Входит Мокрина Терентьевна и женщина — хозяйка квартиры.
— Ну вот, больной уже сидит! А врач разрешил? — восклицает Мокрина Терентьевна. — Снова откроются раны, и тогда возись с вами… Температура… Бред…
— Мне не полагается бредить, Мокрина Терентьевна.
— Куда там! По-немецки так и чешет. А потом по-нашему, — говорит хозяйка. — Тяжелая у тебя жизнь, дорогой мой гостюшко…
— Ничего, свет не без добрых людей.
— Там твоя девушка требует, — вспоминает хозяйка, — в одну душу сожги ей вещи, в которых вы прибыли! Да я их так перекрашу, перешью, что сам Гитлер не узнает…
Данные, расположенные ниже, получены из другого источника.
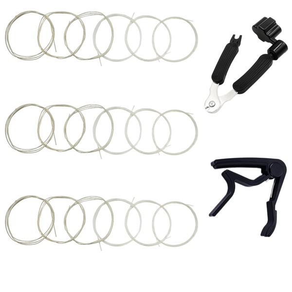 HiBD Classical Guitar Strings Clear Nylon Guitar Strings 3 Complete Sets and 3 in 1 Guitar String Tool Guitar Capo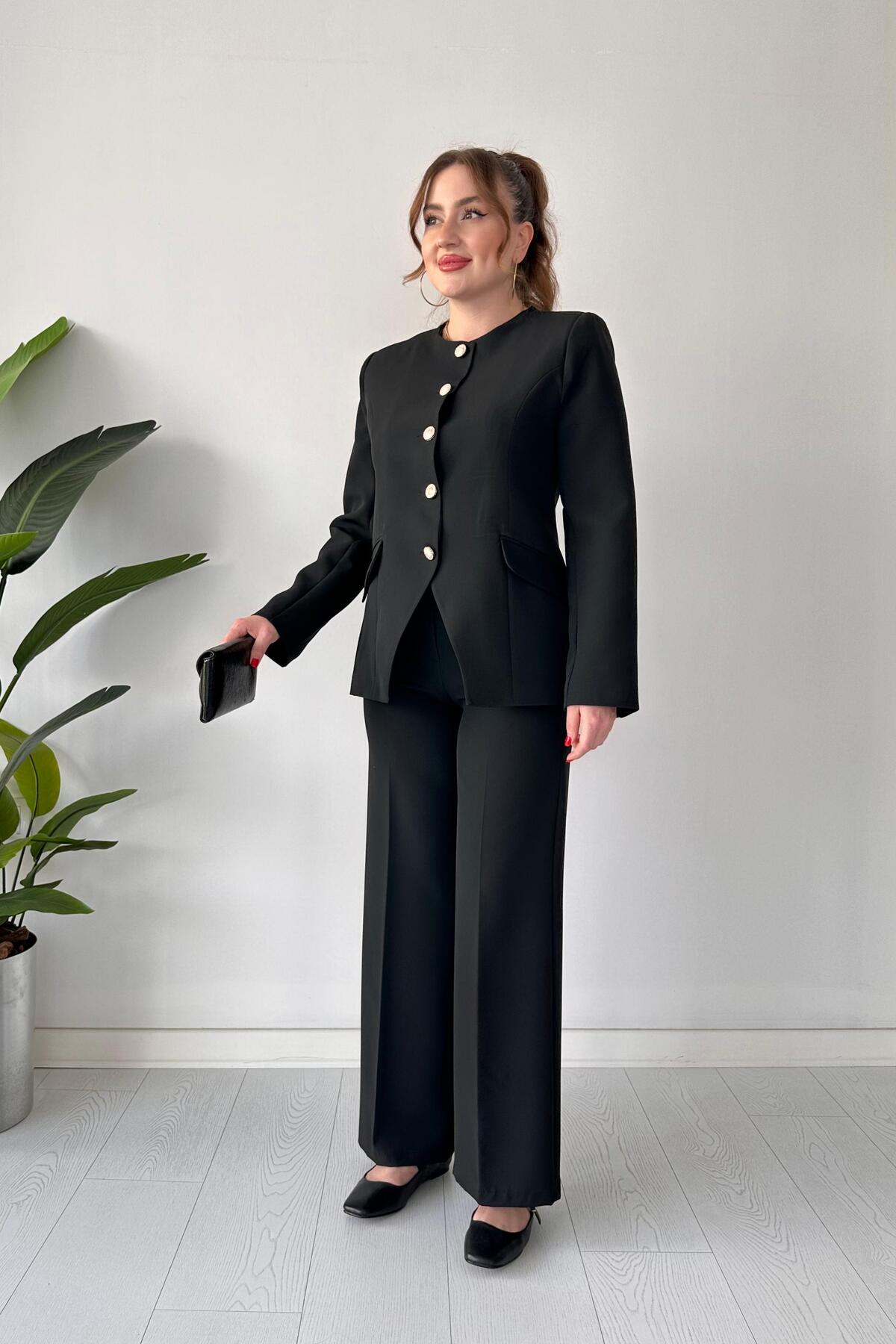 ميزات طقم أسود بأكمام طويلة و5 أزرار من MaziButik

— Не стоит, мама, жизнью рисковать ради барахла…
— Так, значит, жечь?
— Все жгите. Чтоб и следу не было. Тех людей нет, и имена их забыты. Пепел вынесите осторожно.
— Добре, сынку, — говорит хозяйка, — я думала, что девушка по молодости не ценит добро, раз ты приказываешь — сейчас сожгу.
Хозяйка выходит, а связной вытирает холодный пот со лба.